4. The method of claim 1, wherein the student model comprises a plurality of network layers, the target parameter matrix being a parameter matrix of a portion of the plurality of network layers.

5. The method of claim 4, wherein the plurality of network layers includes an attention network layer, the target parameter matrix being an attention weight matrix of the attention network layer.

6. The method of any of claims 1-5, wherein the obtaining a second generation of the student model comprises:

and generating the image characteristics of the image sample and the text characteristics of the text sample by adopting the student model so as to obtain the second generation result.

7. An image generation method, comprising:

acquiring input features, wherein the input features are used for generating images;

Generating the input features by adopting an image generation model so as to generate output images corresponding to the input features;

Wherein the image generation model is trained using the method of any of claims 1-6.

8. The method of claim 7, wherein the input features include image features of a noisy image and text features of a prompt text, and the output image is a denoised image of the noisy image, accordingly.

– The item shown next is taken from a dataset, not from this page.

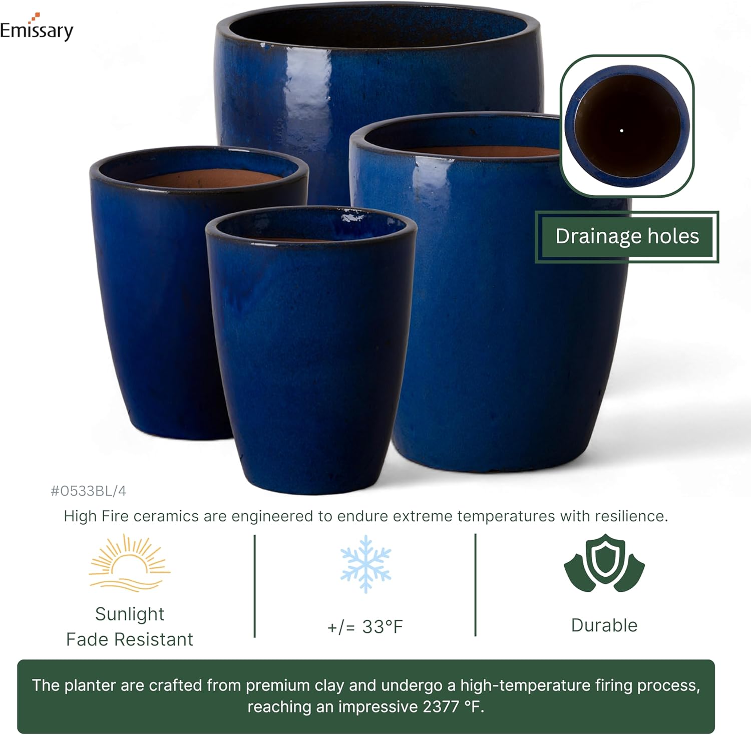 Emissary Bullet 14 in. Blue Ceramic Round Planter (14 in. L x 14 in. W x 15.5 in. H) with Drainage Hole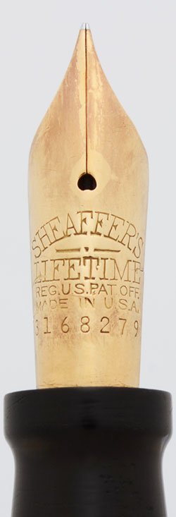 Nib Fine gold nib. It says Sheaffer Lifetime on it and is single tone with serial number 3168279.

9. A training apparatus for an image generation model, comprising:

the first acquisition module is used for acquiring a first generation result of the teacher model;

The system comprises a first acquisition module, a second acquisition module and a training module, wherein the first acquisition module is used for acquiring a first generation result of a student model, the student model generates a model for an image to be trained, a target parameter matrix of the student model is determined based on a first parameter matrix and a second parameter matrix, and the rank of the first parameter matrix and the rank of the second parameter matrix are smaller than the rank of the target parameter matrix;

The construction module is used for constructing a loss function based on the first generation result and the second generation result;

the updating module is used for updating the first parameter matrix and the second parameter matrix based on the loss function and obtaining an updated target parameter matrix according to the updated first parameter matrix and the updated second parameter matrix;

The first acquisition module is further configured to:

10. The apparatus of claim 9, wherein the update module is further to:

11. The apparatus of claim 9, wherein the update module is further to:

12. The apparatus of claim 9, wherein the student model comprises a plurality of network layers, the target parameter matrix being a parameter matrix of a portion of the plurality of network layers.

13. The apparatus of claim 12, wherein the plurality of network layers comprises an attention network layer, the target parameter matrix being an attention weight matrix of the attention network layer.

14. The apparatus of any of claims 9-13, wherein the second acquisition module is further to:

15. An image generating apparatus comprising:

The acquisition module is used for acquiring input features, wherein the input features are used for generating images;

The generation module is used for generating and processing the input features by adopting an image generation model so as to generate output images corresponding to the input features;

16. The apparatus of claim 15, wherein the input features include image features of a noisy image and text features of a prompt text, and the output image is a denoised image of the noisy image, accordingly.

17. An electronic device, comprising:

At least one processor, and

A memory communicatively coupled to the at least one processor, wherein,

The memory stores instructions executable by the at least one processor to enable the at least one processor to perform the method of any one of claims 1-8.

18. A non-transitory computer readable storage medium storing computer instructions for causing the computer to perform the method of any one of claims 1-8.

19. A computer program product comprising a computer program which, when executed by a processor, implements the method according to any of claims 1-8.